Retype the whole listing below exactly, keeping every picture out of it.

## [DATA EXTRACT]

---

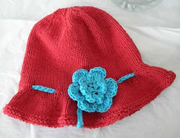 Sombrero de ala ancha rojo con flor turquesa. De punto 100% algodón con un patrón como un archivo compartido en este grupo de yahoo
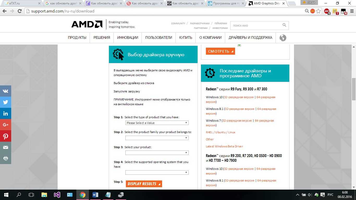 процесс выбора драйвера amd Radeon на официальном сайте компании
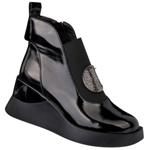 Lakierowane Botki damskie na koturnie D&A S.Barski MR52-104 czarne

---

## [WRITTEN SOLUTION]
 Sombrero de ala ancha rojo con flor turquesa. De punto 100% algodón con un patrón como un archivo compartido en este grupo de yahoo
 процесс выбора драйвера amd Radeon на официальном сайте компании
 Lakierowane Botki damskie na koturnie D&A S.Barski MR52-104 czarne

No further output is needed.